NASA has recovered the Hubble Space Telescope’s Advanced Camera for Surveys instrument, which suspended operations on Thursday, Feb. 28. The final tests were conducted and the instrument was brought back to its operational mode on March 6.

At 8:31 p.m. EST on Feb. 28, the Advanced Camera for Surveys aboard NASA’s Hubble Space Telescope suspended operations after an error was detected as the instrument was performing a routine boot procedure. The error indicated that software inside the camera had not loaded correctly in a small section of computer memory. The Hubble operations team ran repeated tests to reload the memory and check the entire process. No errors have been detected since the initial incident, and it appears that all circuits, computer memory and processors that are part of that boot process are now operating normally. The instrument has now been brought back to its standard operating mode for normal operations.   

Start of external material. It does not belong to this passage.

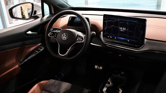 실내 디자인은 ID4와 동일했다. 약 5.3인치 크기의 플로팅 타입 디지털 클러스터와 12.9인치 대화면 센터스크린으로 인포테인먼트를 구축한다. 공조 기능을 센터스크린에 통합하면서, 센터페시아는 상당히 간결해진다. 비상등 버튼과 에어벤트만 남았다. 센터콘솔도 컵홀더와 수납공간만으로 구성되며 개방감을 확보했는데, 기어노브는 클러스터 우측에 배치된다. 다채로운 소재와 앰비언트 라이팅, D컷 멀티펑션 스티어링 휠이나 에르고 모션 시트의 조화가 고급감을 더했다. 전면 윈드실드 접합부에 설치된 라이트 바는 안전 경보장치로 적격하다.

The Advanced Camera for Surveys was installed in 2002 and repaired during the last servicing mission to Hubble back in 2009 after a power supply failure. More than 5,500 peer-reviewed scientific papers have been published from its data, and it is credited with some of Hubble’s most iconic images, including the Hubble Ultra Deep Field, the farthest look into the universe at that time.

Hubble itself is in its 29th year of operations, well surpassing its original 15-year lifetime. With its primary and backup systems, it is expected that Hubble will operate simultaneously with the upcoming James Webb Space Telescope to obtain multiwavelength observations of astronomical objects. Scheduled to launch in 2021, the James Webb Space Telescope is designed to see near- and mid-infrared light while Hubble is optimized for ultraviolet and visible light.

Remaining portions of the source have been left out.